WHAT TO PRODUCE:
For the entries below, repeat exactly each line starting with the one that contains "Danças típicas e" and going on through the one that contains "Figure 12-59.-Sheet pile", and no others.

Segment Start: RECORDS FOR THE EXERCISE

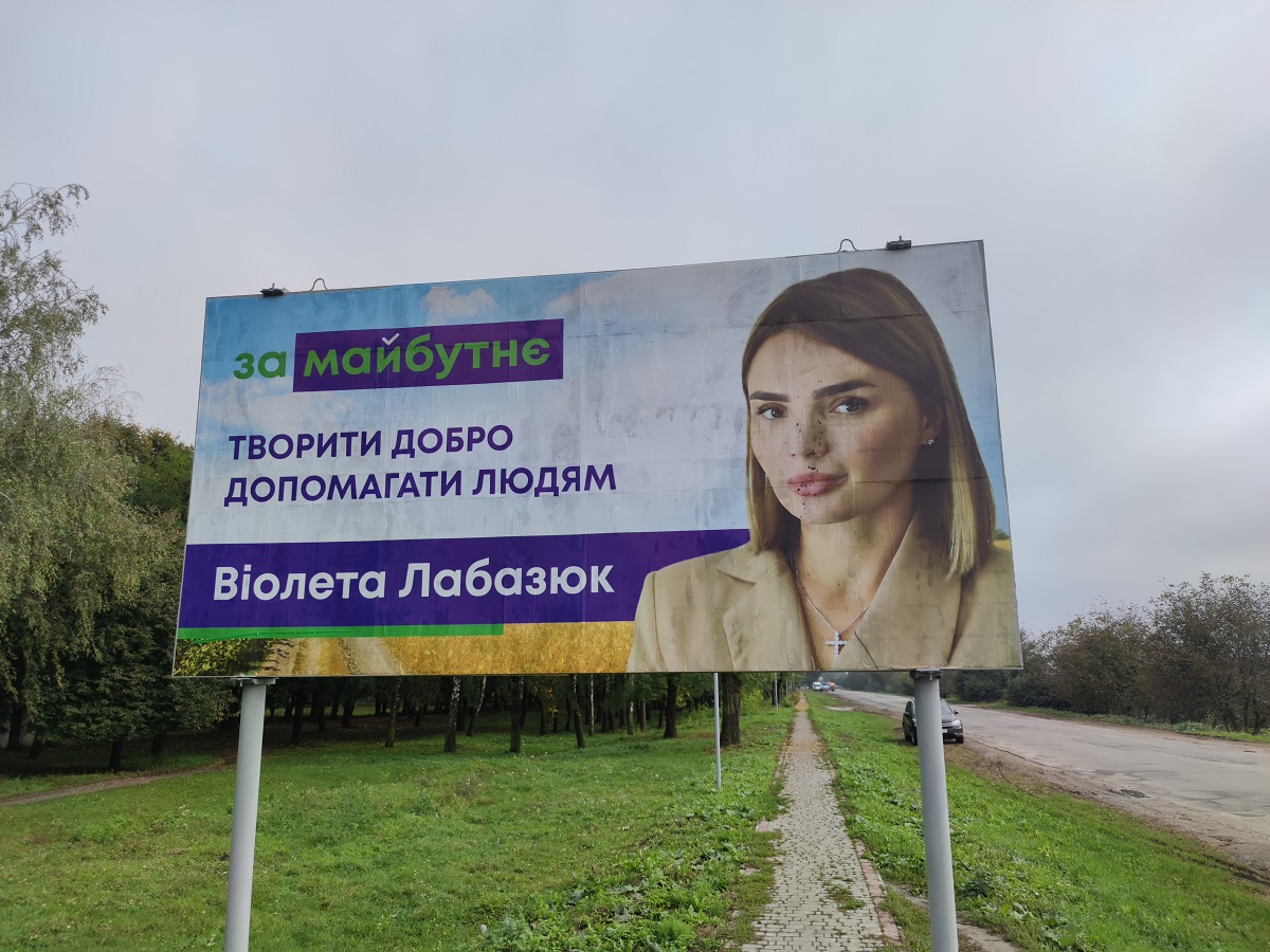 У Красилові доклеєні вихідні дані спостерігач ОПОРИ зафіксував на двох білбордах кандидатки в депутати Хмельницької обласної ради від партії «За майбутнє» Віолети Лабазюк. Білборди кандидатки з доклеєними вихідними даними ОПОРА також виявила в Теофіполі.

Segment End: RECORDS FOR THE EXERCISE
Segment Start: RECORDS FOR THE EXERCISE

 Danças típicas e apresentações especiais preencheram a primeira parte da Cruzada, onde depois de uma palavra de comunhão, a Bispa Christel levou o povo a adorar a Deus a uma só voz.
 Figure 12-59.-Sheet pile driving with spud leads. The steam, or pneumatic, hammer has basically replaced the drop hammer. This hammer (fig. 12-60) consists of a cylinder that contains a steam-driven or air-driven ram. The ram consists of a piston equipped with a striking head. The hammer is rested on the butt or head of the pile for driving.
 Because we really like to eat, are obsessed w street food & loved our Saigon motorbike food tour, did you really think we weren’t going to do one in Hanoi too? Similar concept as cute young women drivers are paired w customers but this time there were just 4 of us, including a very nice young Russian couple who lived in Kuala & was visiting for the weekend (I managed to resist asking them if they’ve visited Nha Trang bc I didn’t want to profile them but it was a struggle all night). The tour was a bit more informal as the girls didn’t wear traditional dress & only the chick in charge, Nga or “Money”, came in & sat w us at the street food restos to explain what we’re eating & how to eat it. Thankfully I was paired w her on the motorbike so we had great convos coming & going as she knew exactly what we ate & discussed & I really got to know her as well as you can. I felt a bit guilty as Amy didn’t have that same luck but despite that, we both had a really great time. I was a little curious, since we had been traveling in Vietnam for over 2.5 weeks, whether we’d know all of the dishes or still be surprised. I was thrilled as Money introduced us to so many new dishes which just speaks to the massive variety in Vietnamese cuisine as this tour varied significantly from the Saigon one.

Segment End: RECORDS FOR THE EXERCISE
Segment Start: RECORDS FOR THE EXERCISE

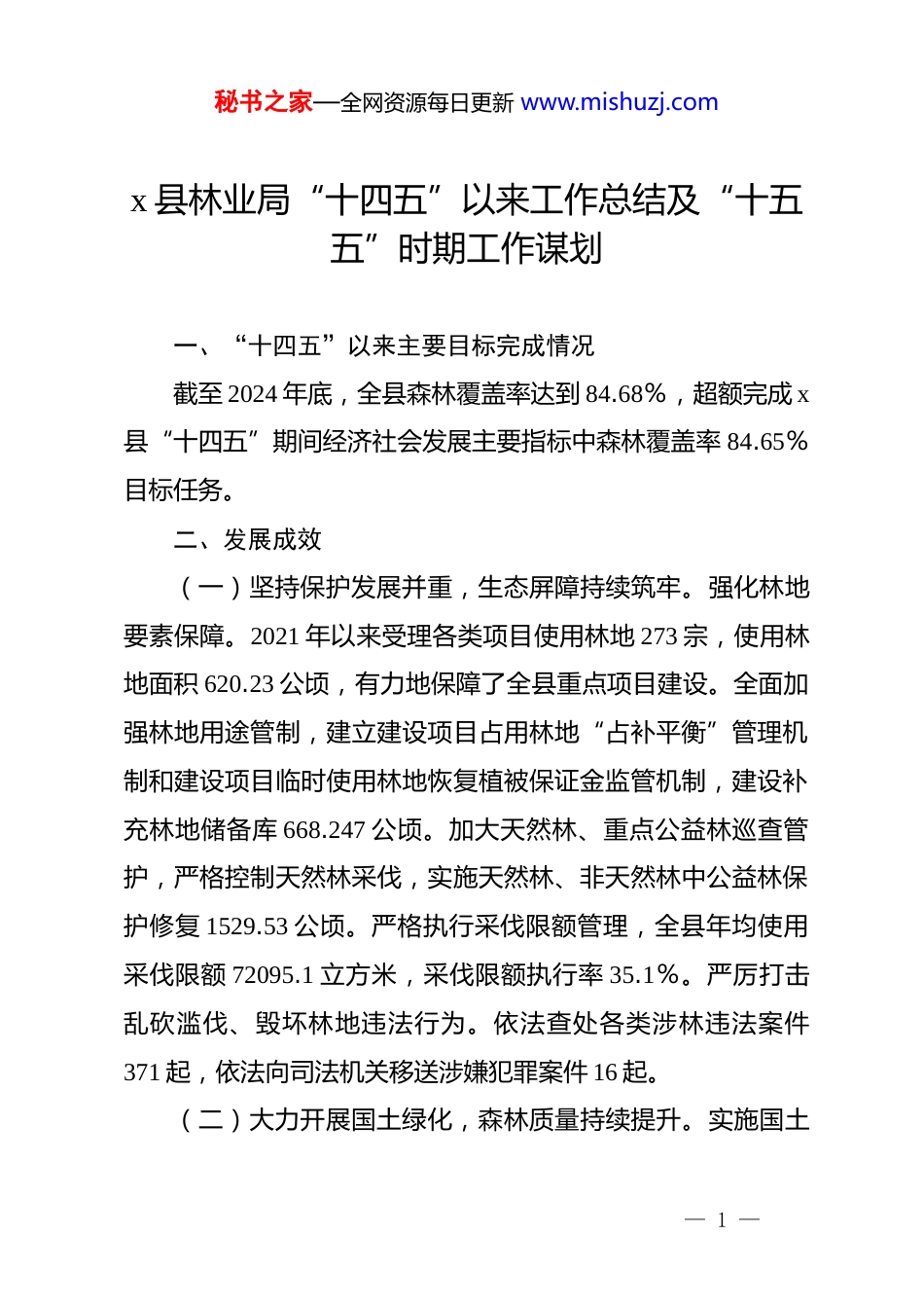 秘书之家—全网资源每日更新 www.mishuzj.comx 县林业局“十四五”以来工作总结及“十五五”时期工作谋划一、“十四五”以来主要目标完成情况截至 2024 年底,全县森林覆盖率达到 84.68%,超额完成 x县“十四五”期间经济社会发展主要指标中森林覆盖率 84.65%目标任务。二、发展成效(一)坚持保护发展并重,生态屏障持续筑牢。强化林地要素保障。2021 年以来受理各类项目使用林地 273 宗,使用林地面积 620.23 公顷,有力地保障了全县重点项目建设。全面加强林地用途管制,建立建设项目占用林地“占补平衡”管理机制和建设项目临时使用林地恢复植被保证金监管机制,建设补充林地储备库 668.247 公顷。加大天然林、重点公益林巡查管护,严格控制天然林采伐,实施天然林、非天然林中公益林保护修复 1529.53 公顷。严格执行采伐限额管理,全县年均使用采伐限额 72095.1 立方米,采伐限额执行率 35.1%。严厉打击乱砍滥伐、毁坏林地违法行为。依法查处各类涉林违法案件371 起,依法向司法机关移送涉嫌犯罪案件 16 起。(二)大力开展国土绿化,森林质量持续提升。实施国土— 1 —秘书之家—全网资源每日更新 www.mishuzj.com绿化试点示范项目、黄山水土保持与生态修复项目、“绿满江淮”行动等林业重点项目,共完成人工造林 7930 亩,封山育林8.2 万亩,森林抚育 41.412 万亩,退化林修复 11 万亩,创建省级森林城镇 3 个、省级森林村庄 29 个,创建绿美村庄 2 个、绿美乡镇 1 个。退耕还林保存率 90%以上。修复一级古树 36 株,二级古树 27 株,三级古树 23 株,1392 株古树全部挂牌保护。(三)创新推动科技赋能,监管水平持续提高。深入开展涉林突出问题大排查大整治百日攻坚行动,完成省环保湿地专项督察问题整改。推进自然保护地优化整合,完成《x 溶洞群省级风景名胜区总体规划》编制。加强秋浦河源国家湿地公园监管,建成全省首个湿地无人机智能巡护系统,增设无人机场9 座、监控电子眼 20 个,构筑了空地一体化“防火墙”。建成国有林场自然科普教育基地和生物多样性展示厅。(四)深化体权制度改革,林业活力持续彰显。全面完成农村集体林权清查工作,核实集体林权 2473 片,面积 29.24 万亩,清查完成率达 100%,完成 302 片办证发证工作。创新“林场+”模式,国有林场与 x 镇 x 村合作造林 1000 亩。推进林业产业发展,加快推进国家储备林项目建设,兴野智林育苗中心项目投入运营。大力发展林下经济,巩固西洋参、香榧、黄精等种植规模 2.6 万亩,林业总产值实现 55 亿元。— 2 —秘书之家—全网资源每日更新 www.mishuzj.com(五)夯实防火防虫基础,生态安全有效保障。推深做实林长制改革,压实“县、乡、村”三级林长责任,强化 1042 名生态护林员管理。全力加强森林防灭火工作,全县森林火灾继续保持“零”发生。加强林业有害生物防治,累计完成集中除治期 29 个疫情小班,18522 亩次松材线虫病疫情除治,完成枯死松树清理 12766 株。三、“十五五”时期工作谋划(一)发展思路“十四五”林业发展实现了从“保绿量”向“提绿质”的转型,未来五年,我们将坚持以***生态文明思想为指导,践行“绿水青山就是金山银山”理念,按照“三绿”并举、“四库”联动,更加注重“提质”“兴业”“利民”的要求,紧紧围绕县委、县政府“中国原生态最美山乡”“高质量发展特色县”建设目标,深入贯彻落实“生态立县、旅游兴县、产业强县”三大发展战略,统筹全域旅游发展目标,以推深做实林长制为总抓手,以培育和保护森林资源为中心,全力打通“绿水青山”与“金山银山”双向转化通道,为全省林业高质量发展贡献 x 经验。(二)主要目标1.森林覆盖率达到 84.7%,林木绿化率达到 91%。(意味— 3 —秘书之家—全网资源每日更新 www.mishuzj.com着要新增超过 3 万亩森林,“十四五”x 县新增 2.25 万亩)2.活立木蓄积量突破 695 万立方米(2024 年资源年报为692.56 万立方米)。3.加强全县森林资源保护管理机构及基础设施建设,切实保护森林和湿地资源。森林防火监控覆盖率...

Segment End: RECORDS FOR THE EXERCISE

WRITTEN RESPONSE:
 Danças típicas e apresentações especiais preencheram a primeira parte da Cruzada, onde depois de uma palavra de comunhão, a Bispa Christel levou o povo a adorar a Deus a uma só voz.
 Figure 12-59.-Sheet pile driving with spud leads. The steam, or pneumatic, hammer has basically replaced the drop hammer. This hammer (fig. 12-60) consists of a cylinder that contains a steam-driven or air-driven ram. The ram consists of a piston equipped with a striking head. The hammer is rested on the butt or head of the pile for driving.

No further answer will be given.